Griechenland-Krise DIW regt Vermögensabgabe für Reiche an

„Allerdings ist die Erhebung nicht einfach.“

Berlin – Nach Einschätzung des Deutschen Instituts für Wirtschaftsforschung (DIW) könnte die neue Regierung in Athen den Staatshaushalt mit einer Sonderabgabe für vermögende Griechen sanieren.

„Eine Vermögensabgabe in Griechenland ist sinnvoll, um die Wohlhabenden stärker an der finanziellen Sanierung des Staates zu beteiligen und die sozialen Härten für die breite Bevölkerung zu begrenzen“, sagte der DIW-Steuerexperte Stefan Bach dem „Handelsblatt“ (Online-Ausgabe).

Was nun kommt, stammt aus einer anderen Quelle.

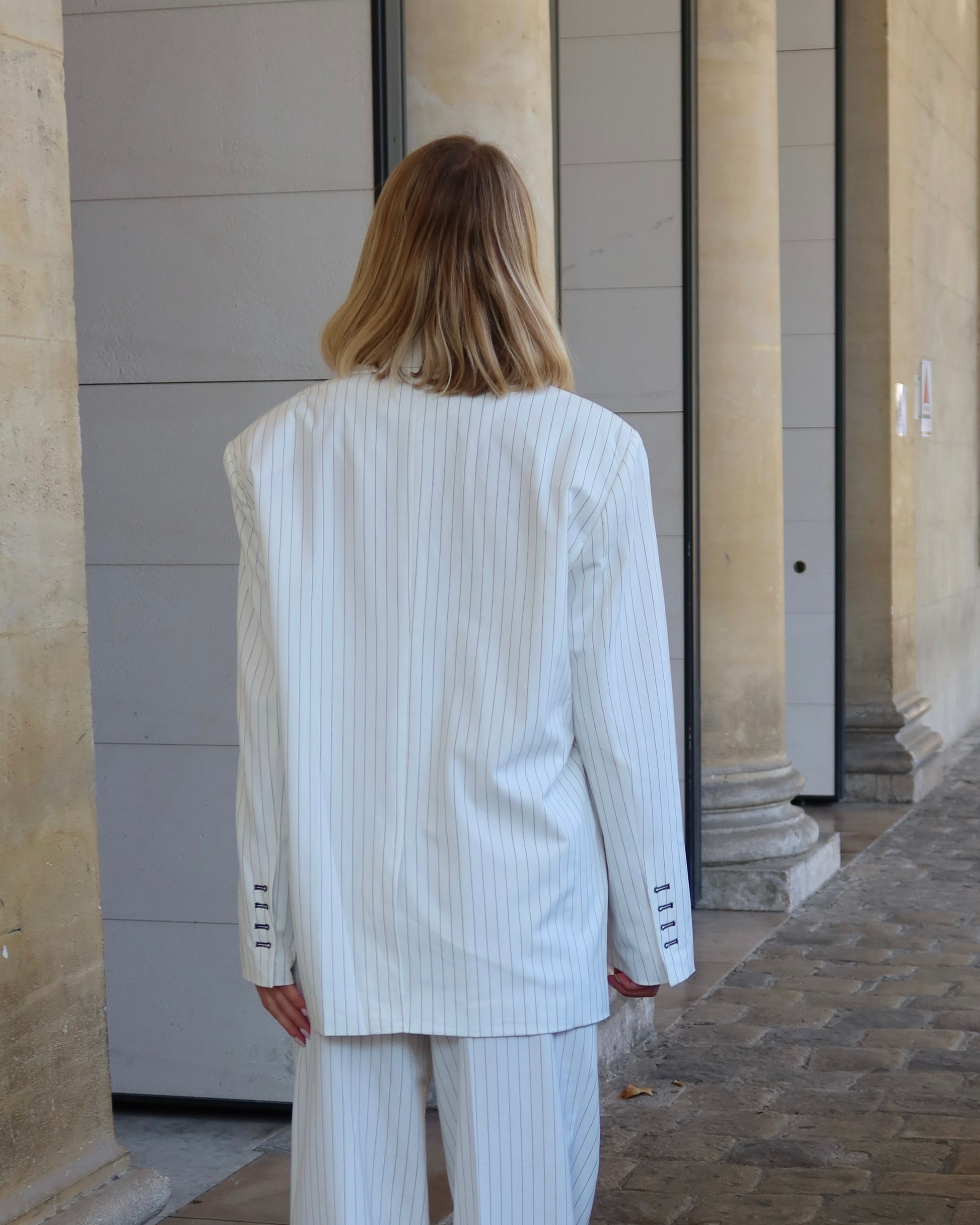 Chic et structuré, ce blazer fluide rayé crème se porte aussi bien en ensemble qu’avec un jean. Un incontournable pour un look citadin et raffiné.

„Allerdings ist die Erhebung nicht einfach, da die Vermögenswerte ermittelt und im Fall von Finanzvermögen gesichert werden müssen, um Hinterziehung und Kapitalflucht zu unterbinden. Dabei sollten die EU-Länder Griechenland unterstützen.“

Bach ist auch der Ansicht, dass in Griechenland zu wenig gegen Steuerhinterziehung unternommen wird. Wichtig wäre daher vor allem, die Finanzverwaltung in Griechenland zu verbessern und die vorhandenen Steuern zu erheben. „Da gibt es wohl noch erheblichen Nachholbedarf“, sagte Bach mit Blick auf Expertenschätzungen, wonach der griechische Staat durch Steuerhinterziehung jährlich 15 Milliarden Euro an Einnahmen verliert.

Unabhängig davon hält es Bach für geboten, Steuerbefreiungen für Branchen abzuschaffen. „Das geht natürlich nicht von heute auf morgen und bringt auch Härten mit sich“, räumte der DIW-Experte ein. „Denn wenn sich größere Wirtschaftsbereiche auf laxen Steuervollzug und Steuerprivilegien eingestellt haben, ist das auch in den Wirtschaftsstrukturen eingepreist.“

Aber auf Dauer komme man um solchen Reformen nicht herum, wenn man eine funktionierende Wirtschaft aufbauen wolle, betonte Bach.